To the best of our knowledge, this is the first study examining the usability of automated tissue detection and Ki67 calculation using the VDS DIA principle in order to establish a standardized method to obtain objective and reproducible results. Future studies of breast carcinomas will show if this method will improve the prognostic value of the Ki67 assay, potentially identifying the best cut-point in PI between tumor subtypes. The potential of this method ought also to be examined in other tumor types such as neuroendocrine neoplasia across different organs.

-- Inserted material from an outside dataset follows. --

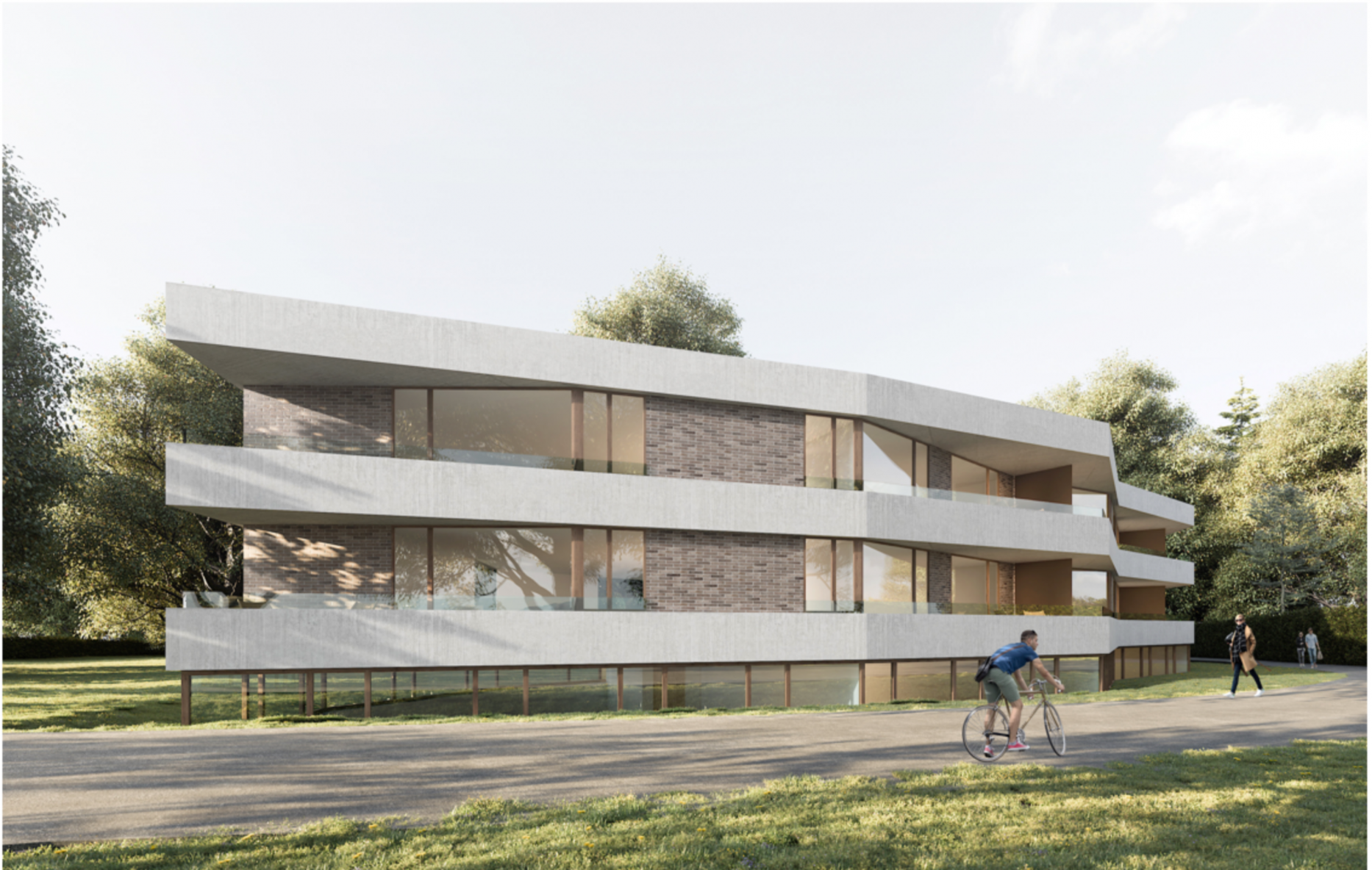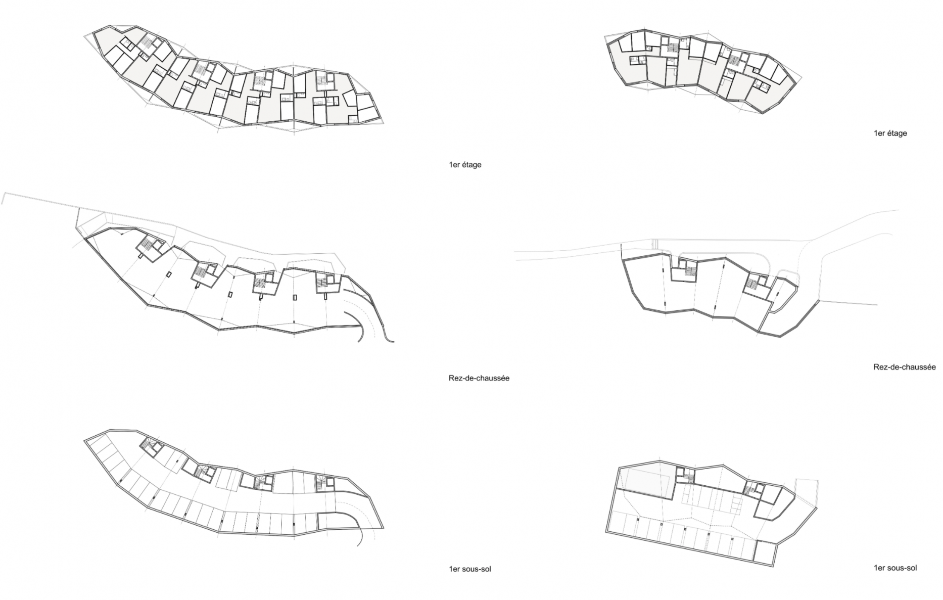 Les périmètres d’implantation retenus, il convient de déterminer la question des gabarits et de la volumétrie, ainsi que celle des accès. Bien que très éloignés l’un de l’autre, les deux bâtiments adoptent un vocabulaire identique où la contemporanéité formelle compose avec une gamme chromatique tout en retenue et une matérialité aux accents traditionnels (présence minérale, brique). Les volumes pourtant de belle taille évitent de montrer la totalité de leurs façades grâce à un jeu habile de facettes fragmentées. La combinaison prismatique faussement aléatoire, avec angles saillants et rentrants, élude ainsi toute monotonie et offre d’agréables loggias ouvertes sur le paysage, parfaitement cadrées dans le volume bâti. Au-dessus d’un rez-de-chaussée à demi enterré destiné à des activités créatives ou de bureaux, deux étages accueillent des logements fluides, avec une typologie essentiellement traversante pour l’immeuble du haut, et une organisation plus classique pour celui situé en bas de parcelle (chambres au Nord, pièces à vivre au Sud). Sous chaque bâtiment, profitant de la déclivité du terrain, un sous-sol très contenu intègre l’ensemble du stationnement, sans rampe béante et sans engager la possibilité de plantations en pleine terre alentour. La proximité avec le domaine public favorise enfin une accessibilité aisée aux différents halls d’entrée.

In conclusion, the VDS principle for selection of tumor areas, combined with DIA determining a PI of Ki67 in immunohistochemically stained slides, gave similar results compared with the current gold standard of manual counting using stereological principles. Introduction of these methods may improve accuracy and reproducibility, and decrease inter-laboratory variability, thus increasing the usability of the Ki67 marker in research and clinical settings.